This is worsened by travel advisories to Singapore issued by many countries, dampening tourist and business visits. Already, with much of China on lockdown, businesses in Singapore are feeling the effects of a drop in Chinese visitors.

Companies most affected by the impact of the disease in Singapore are in the tourism, retail, hospitality, transport and MICE sectors.  

Against this backdrop, the pre-Budget measures to assist taxi and private-hire drivers and companies unveiled and assurances the Government will also provide targeted and broad-based measures in Budget 2020 to help businesses tide over the anticipated downturn have sent helpful signals.

LISTEN: Singapore Budget 2020: A report card 

It was also encouraging to see additional measures to support businesses during these trying times rolled out in Deputy Prime Minister (DPM) and Finance Minister Heng Swee Keat’s Budget speech on Tuesday (Feb 18).

But aside from crossing this COVID-outbreak challenge, these measures also aim to get businesses ready for the eventual upturn.

EASING THE PAIN

Broad-based measures for all businesses include tax rebates, temporary enhancement of the working capital loan scheme, wage credits and the job support scheme, were announced.

Businesses are already familiar with tax rebates, the SME working capital loan scheme and wage credits.

Tax rebates though will only help businesses that are profitable and paying taxes. The enhanced SME working capital loan scheme should help businesses with their more immediate need – cash flow – provided the banks come on board and sanction loans to the SMEs.  

Hopefully, these measures will also encourage private capital to invest in companies that may have a short-term liquidity crunch but have strong mid to long-term potential.

The Jobs Credit Scheme was first introduced during Budget 2009 and proved very popular and helpful to businesses in withstanding the impact of the worst ever global financial crisis in 2009.

SME

File photo of an SME in Singapore (Photo: TODAY)

The Job Support Scheme announced in Budget 2020 is a similar measure to help businesses retain their workforce by defraying the costs of keeping jobs through the provision of a cash grant of 8 per cent of a qualifying employee’s gross monthly salary. 

In Budget 2013, the wage credit scheme was introduced to help businesses pursue their transformation journey amidst rising wage costs and to encourage employers to share productivity gains with employees by providing co-funding on wage increases for local workers.
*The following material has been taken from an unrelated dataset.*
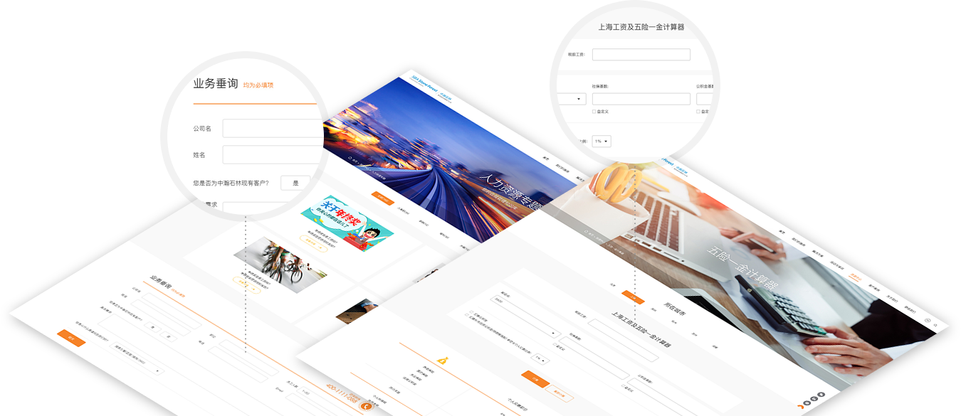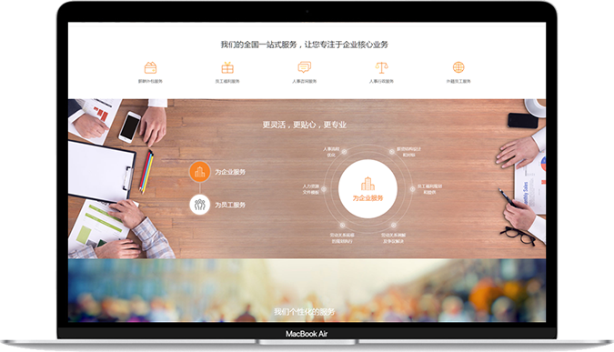 首頁(yè)中將業(yè)務(wù)分成“為企業(yè)服務(wù)”和“為員I服務(wù)”兩大類,利用流動(dòng)的線條將六大核心服務(wù)項(xiàng)目串聯(lián)起來(lái),融合頁(yè)面滾動(dòng)式加載效果,給用戶帶來(lái)全新的瀏覽體驗(yàn)。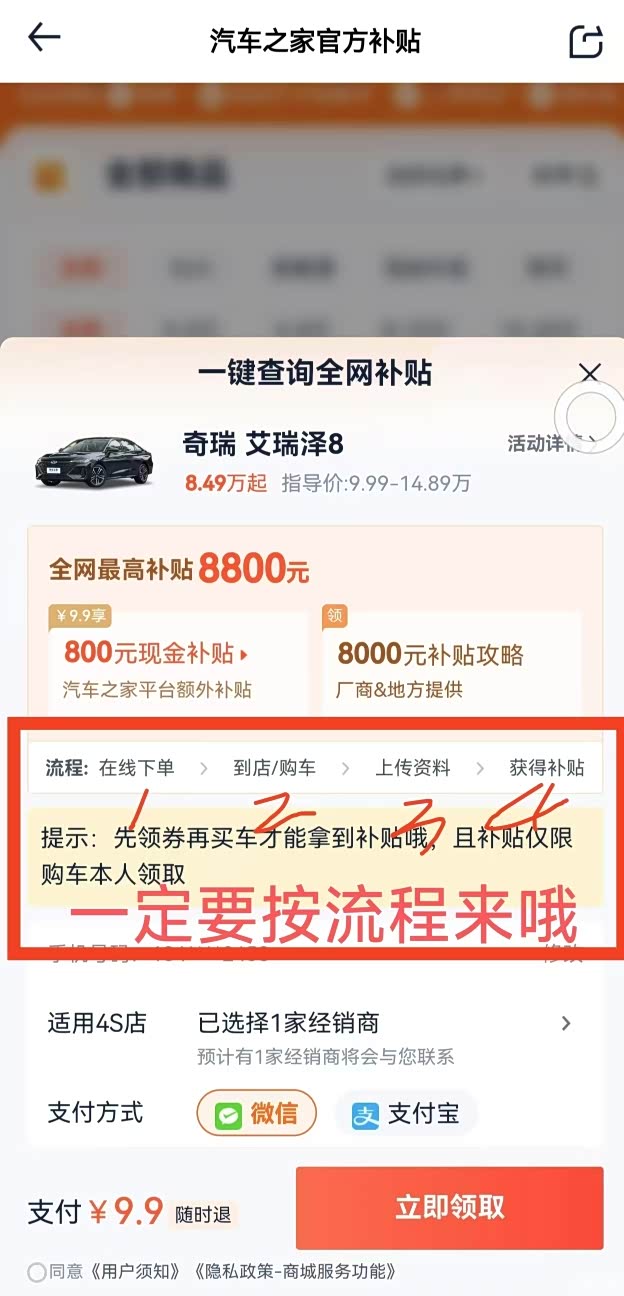 3)平台加码:汽车之家官方再补800元(操作见下文)

It was also well received.

It is thus heartening to see that the wage credit scheme has not only been extended but will also be enhanced. 

At present, the scheme co-funds wage increases for workers earning a gross monthly wage of up to S$4,000 but DPM Heng announced that this cap will be increased to S$5,000 with the government’s contribution also increased to 20 per cent for last year and 15 per cent for this year.

With the introduction of these measures in 2009 and 2013, our overall unemployment rate has since remained relatively steady and hovered at about 2 per cent.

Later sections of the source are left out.